There is, of course, every reason to believe that Tom DeLay is responsible for making sure that his buddy Abramoff's shop and his boy Boulanger got the Texas lobbying contract. After all, it was DeLay who used the machinery of Texas state government as his very own marionette in jury-rigging the mid-decade Congressional redistricting [6]. And it was DeLay who was buying up influence with in-staters by contributing (illegally) corporate funds to legislative candidates, an act for which he is now under indictment.
DeLay clearly had the necessary influence to move the contract to his cronies. But more than that, it was apparently an open secret that the Texas Office of State-Federal Relations --which ultimately hired Boulanger-- operated as "an arm of DeLay." Via Charles Kuffner comes a 2003 story from the Houston Chronicle [7] which makes clear the chain of command...
Their charges against the Office of State-Federal Relations followed criticism by Democrats earlier this year of the Washington office's hiring of Drew Maloney, a former top aide to Majority Speaker Tom DeLay, as a consultant.
Maloney's $15,000 monthly fee was questioned because numerous other state programs and services faced budget cuts in the face of a $9.9 billion revenue shortfall.
"Y'all have not been able to get the congressional delegation to do a damn thing about the problems here in Texas, like retirement issues, like highway funding, like everything else," said state Sen. Ken Armbrister, D-Victoria, during a Senate Committee on State Affairs hearing Thursday.
[...]
Ed Perez, OSFR executive director in Washington, D.C., was forced to hire Maloney at the direction of DeLay, according to a Washington source.
"It basically makes (OSFR) an arm of DeLay," the source said.
DeLay was using Texas's state treasury as a piggy bank from which he could reward loyalty among DC lobbyists, and perpetuate the now-infamous K Street Project [8]. And Boulanger benefitted by virtue of his connections to DeLay --he had given generously to GOP candidates at DeLay's behest, and is married to a former DeLay press secretary.
[9]
And --as has been previously mentioned at Fired Up Missouri-- there is reason to believe that Boulanger may have replicated this same scheme in other states, with the help of other powerful Congressional leaders to whom he shares ties.

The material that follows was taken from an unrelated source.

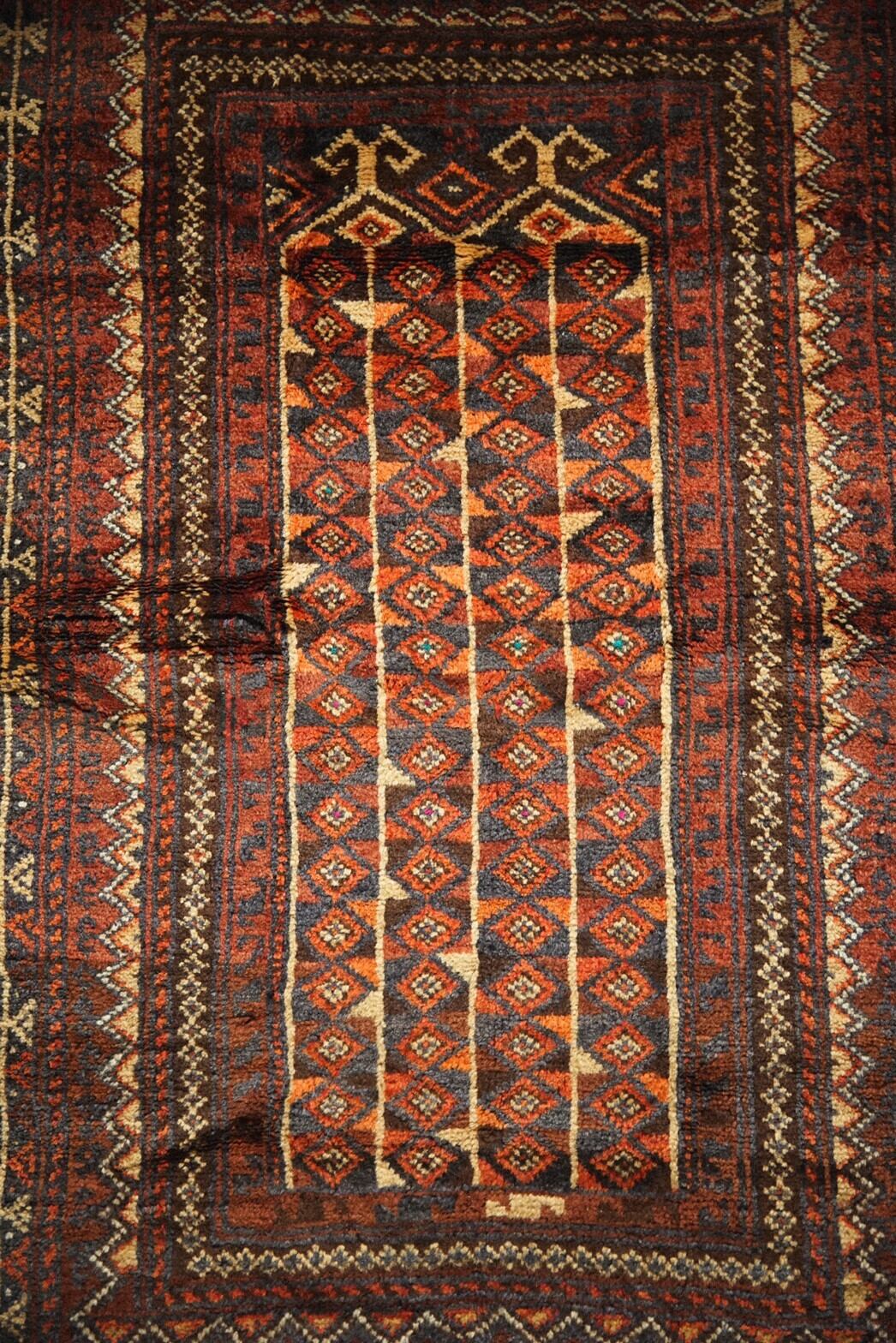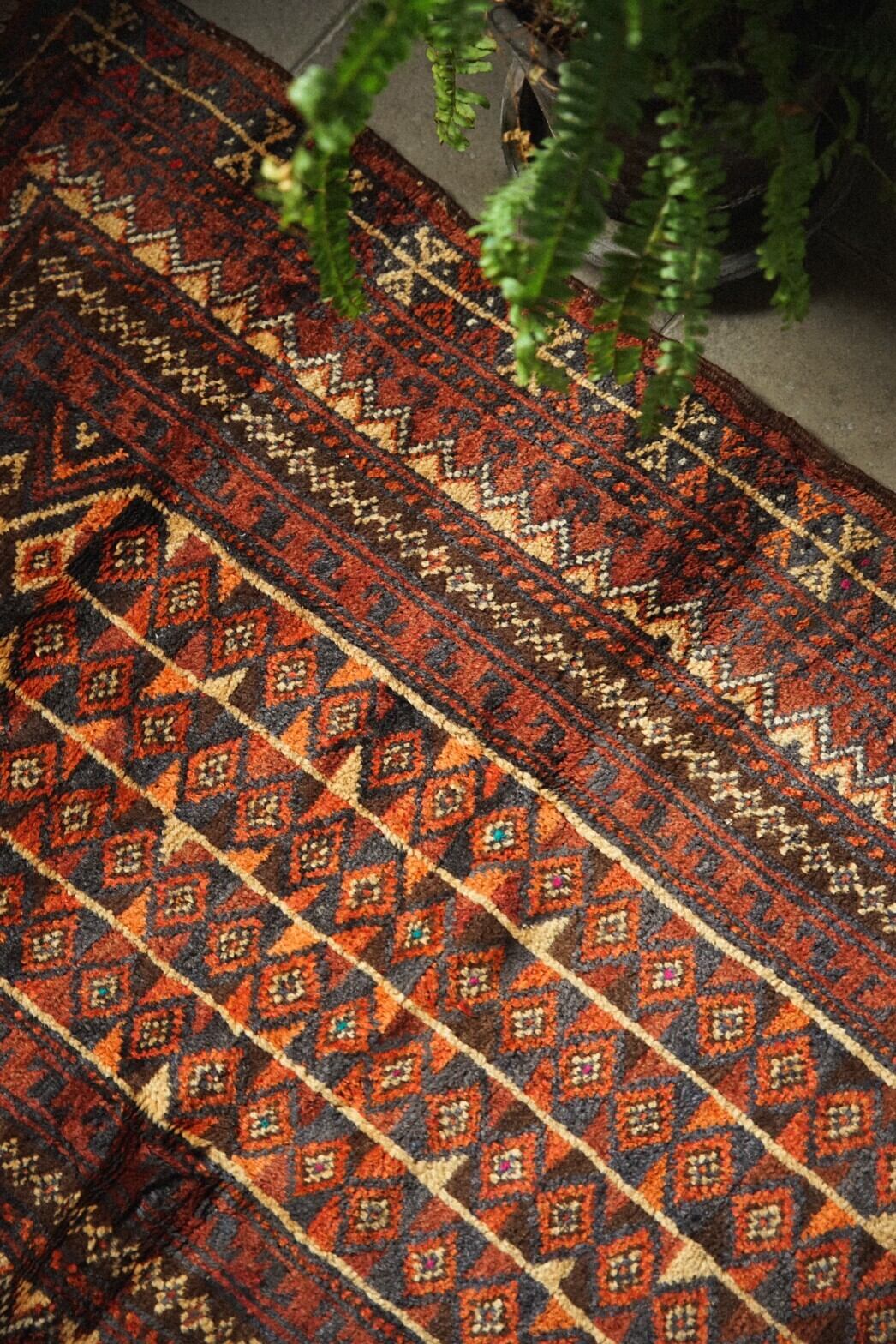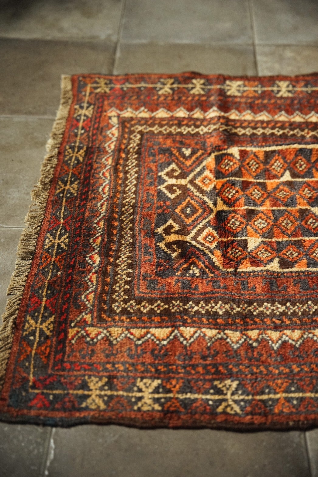 1960年代に織られたタイマニラグ。赤やオレンジ、アイボリーなどの暖色系ベースの色味が優しい雰囲気が魅力的な一枚。真ん中に雄羊の角を持つミフラーブが2つ並んだデザインで、ボーダー部分は幾層にも描かれています。主に菱形やジグザクの連続紋様で、リズミカルな躍動感のある力強さを感じます。パイルは山岳地帯で暮らすタイマニ族ならではの柔らかく良質なウールで、肌触りもとても気持ち良いです。程良い厚みもあり、キッチンや玄関、リビングのソファ前などにもピッタリのサイズ感。重ね敷きにも合わせやすい万能な色味とデザインです。

Specifically, Boulanger's team at Cassidy & Associates holds a similar contract [10] to lobby on behalf of the state of Missouri's Highways and Transportation Commission.
Speculation has surfaced that Missouri's Roy Blunt, who now employs the former DeLay staffer to whom Boulanger is married, may have used his power to influence the Commission's hiring of a DC lobbyist (or to convince them that a DC lobbyist was needed at all).
Even if the Missouri contract has not yet come under real media scrutiny, the obvious self-dealing and the seamy nexus between the Lone Star State and Jack Abramoff has become a bit more than the Texas press can handle. Witness today's editorial from the Austin American Statesman [11], which reads in part:
At the direction of former U.S. House Majority Leader Tom DeLay, the GOP made lobbying a partisan activity. Under the plan, known as the K Street project, lobbying firms had to hire Republican loyalists, including some congressional staff members, to gain access to the GOP leadership. It was a perfect loop.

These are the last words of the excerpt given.